For deeper dives, the ISO 32000 series (32000-1 and 32000-2) is the authoritative spec. The PDF Association (pdfa.org) publishes guides and best practices. Mozilla’s PDF.js documentation and source are useful for implementation details of text extraction and rendering. For OCR and document understanding, the documentation of Tesseract and major cloud document APIs is a good next step. If you work with archival or compliance, look into PDF/A and PDF/UA; if you generate PDFs programmatically, consider libraries that emit well-formed structure (and optionally tags) so that your outputs are both viewable and accessible. For document intelligence at scale, see our pricing and document processing cost calculator. More terms are in our glossary (e.g. parsing, file format). A practical checklist when integrating PDF parsing: (1) detect encrypted files and handle passwords or reject; (2) use a library that respects font encoding and ToUnicode for correct text; (3) decide per-page whether to use text extraction or OCR based on extracted character count or similar heuristic; (4) validate or sanitize output if you feed it to search indexes or downstream ML.

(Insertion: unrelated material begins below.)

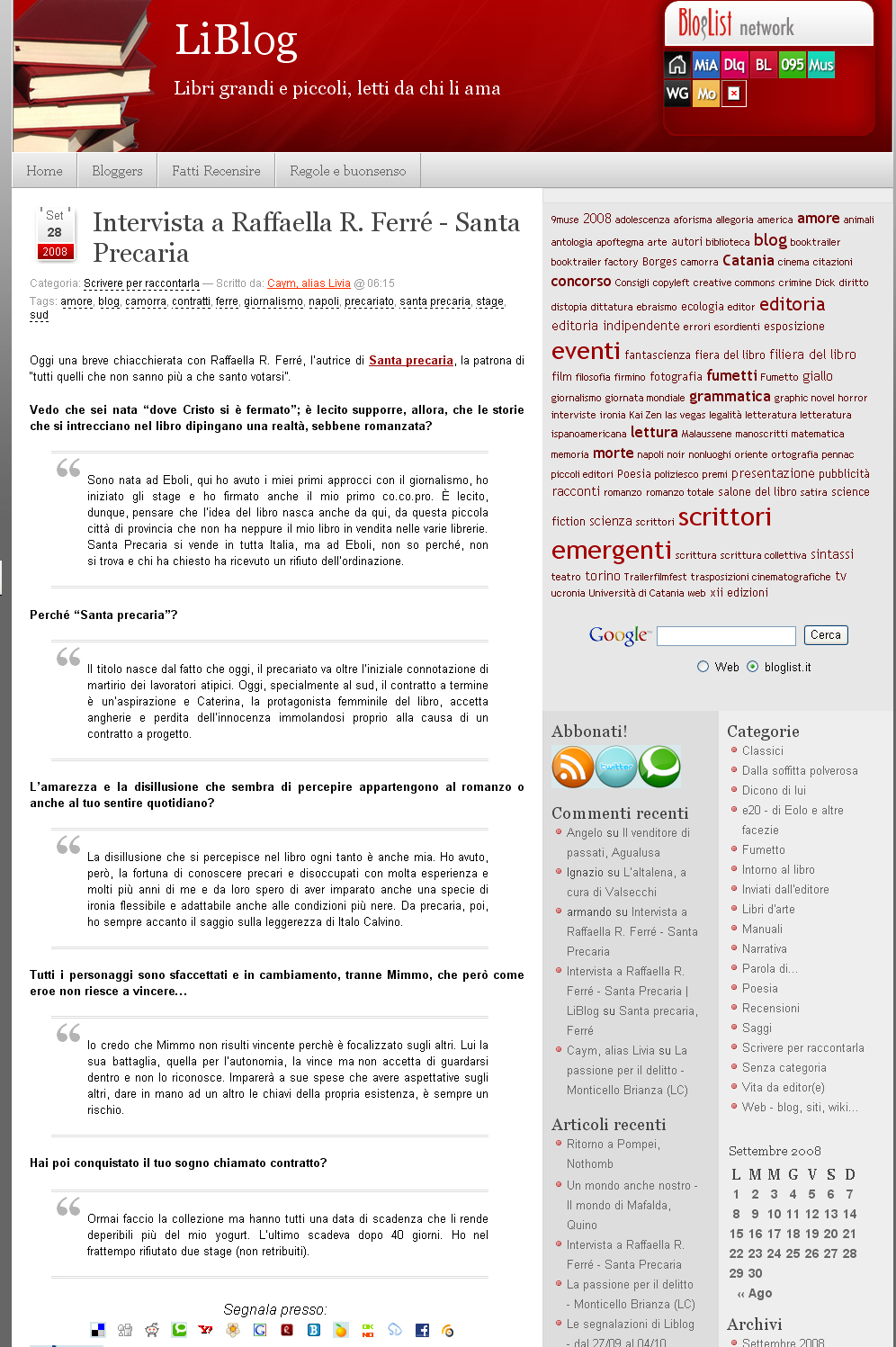 La rassegna stampa dei Fuochi è completa al 99,9% così come quella di Santa Precaria. La verità è che ho tentato di raccogliere recensioni, articoli e video che riguardano tutti i libri: per loro due ci sono riuscita, per il resto decisamente no.

Frequently Asked Questions
Usually the font encoding or CMap is not being applied correctly. Native PDFs store character codes, not Unicode code points. The viewer must use the font’s encoding (WinAnsi, Identity-H, etc.) and any ToUnicode CMap to convert those codes to Unicode. If your pipeline uses a library that does this (e.g. PDF.js getTextContent), you get correct text; low-level or custom parsers that ignore encoding will produce wrong characters.
PDF/A is a family of standards (ISO 19005) for long-term archiving. PDF/A documents restrict certain features (e.g. no JavaScript, no external references, embedded fonts required) so that the file remains viewable and predictable for many years. PDF/A-1, PDF/A-2, and PDF/A-3 differ in which PDF features they allow. Regular PDFs can use any feature allowed by ISO 32000 and may not be suitable for strict archival.

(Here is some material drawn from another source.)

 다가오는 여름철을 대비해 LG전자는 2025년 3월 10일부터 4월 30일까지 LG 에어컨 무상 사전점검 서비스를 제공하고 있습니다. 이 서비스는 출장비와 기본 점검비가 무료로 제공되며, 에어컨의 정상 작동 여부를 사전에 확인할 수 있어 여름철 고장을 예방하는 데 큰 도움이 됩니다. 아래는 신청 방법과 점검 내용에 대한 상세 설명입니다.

Use text extraction (e.g. getTextContent) when the page has native text—content streams with text operators and fonts. Use OCR when the page is (or is effectively) just an image: scanned documents, screenshots, or PDFs where the creator embedded only images. A simple heuristic is to extract text first; if the number of characters per page is below a threshold (e.g. 50), treat the page as image-only and run OCR.
Yes. PDF.js is designed for the browser and is used by Firefox. You can load a PDF from a URL or ArrayBuffer, get pages, and call getTextContent() or render to a canvas. The same library (pdfjs-dist) works in Node.js for server-side parsing. So one codebase can support both environments if you use PDF.js.
Linearization reorders the PDF so that the first page and the objects needed to display it appear near the start of the file. A client can then display page one after downloading only the first chunk of bytes, and fetch the rest on demand. It improves perceived load time for PDFs served over the web. Parsers do not need to treat linearized PDFs differently for correctness; they are still valid PDFs.